Production serving paths (vLLM's Kimi-K25 model executor) bypass the HF
custom modeling init and construct the vision tower differently, so this
bug is invisible at serving time but blocks transformers-based workflows
like ModelOpt NVFP4 quantization and HF-native fine-tuning.
Identical fix already merged in Kimi-K2.5 PR #91 (by @katuni4ka , approved
by @fxmarty-amd ). This mirrors it to K2.6 byte-for-byte.
Minimal repro:
from transformers import AutoModelForCausalLM
AutoModelForCausalLM.from_pretrained(
"moonshotai/Kimi-K2.6", trust_remote_code=True, torch_dtype="auto",
)
thanks for your contribution!
@bdellabe @ace-coreweave Hi, I've also added some code to fix the weight initialization issue. AutoModelForCausalLM.from_pretrained now works on my end. However, this doesn't mean transformers inference is fully supported — if you plan to implement Kimi k2.6 inference in other frameworks, please mainly refer to the vLLM/SGLang implementation.
@bigmoyan Any plan to have compatibility with Transformers v5?
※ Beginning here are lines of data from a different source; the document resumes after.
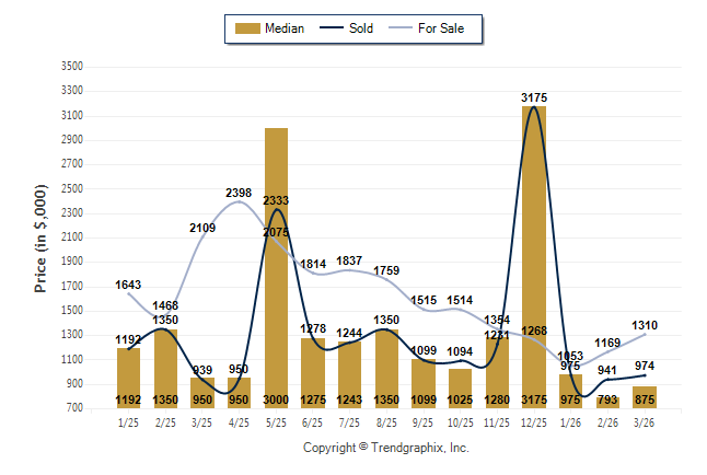 March 2026 Median Price was Neutral, Avg. For Sale Price was Neutral, and Avg. Sold Price was Neutral**
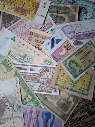 Colección variada de billetes de banco de diferentes países y denominaciones. Ideal para coleccionistas. - Billetes de 100 francos belgas. - Billetes de 100 pesetas españolas. - Billetes de 1 dólar estadounidense. - Billetes de 10 rupias de Seychelles. - Billetes de 100 rupias indias. - Billetes de 100.000 liras turcas. - Billetes de 500 rupias indonesias. - Billetes de 1000 rupias indonesias. - Billetes de 20 francos franceses. - Billetes de 100 baht tailandeses. - Billetes de 2 rand sudafricanos. - Billetes de 500 rupias de Brasil.
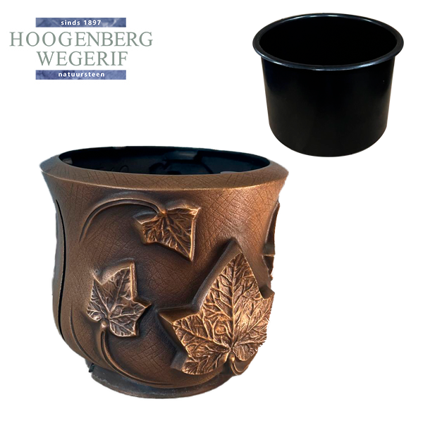 Deze elegante bronzen plantenvaas is voorzien van een verfijnd klimopmotief, dat symbool staat voor eeuwige verbondenheid en herinnering. De gedetailleerde bladeren en de warme bronskleur geven de vaas een tijdloze uitstraling, waardoor hij een prachtige toevoeging is aan een gedenkplek of tuin.

File "/root/.cache/huggingface/modules/transformers_modules/moonshotai/Kimi_hyphen_K2_dot_6/2755962d07cb42aa2d988a35bcb65cd4a9c2de82/modeling_deepseek.py", line 47, in <module>
from transformers.utils.import_utils import is_torch_fx_available
ImportError: cannot import name 'is_torch_fx_available' from 'transformers.utils.import_utils' (/usr/local/lib/python3.12/dist-packages/transformers/utils/import_utils.py). Did you mean: 'is_torch_available'?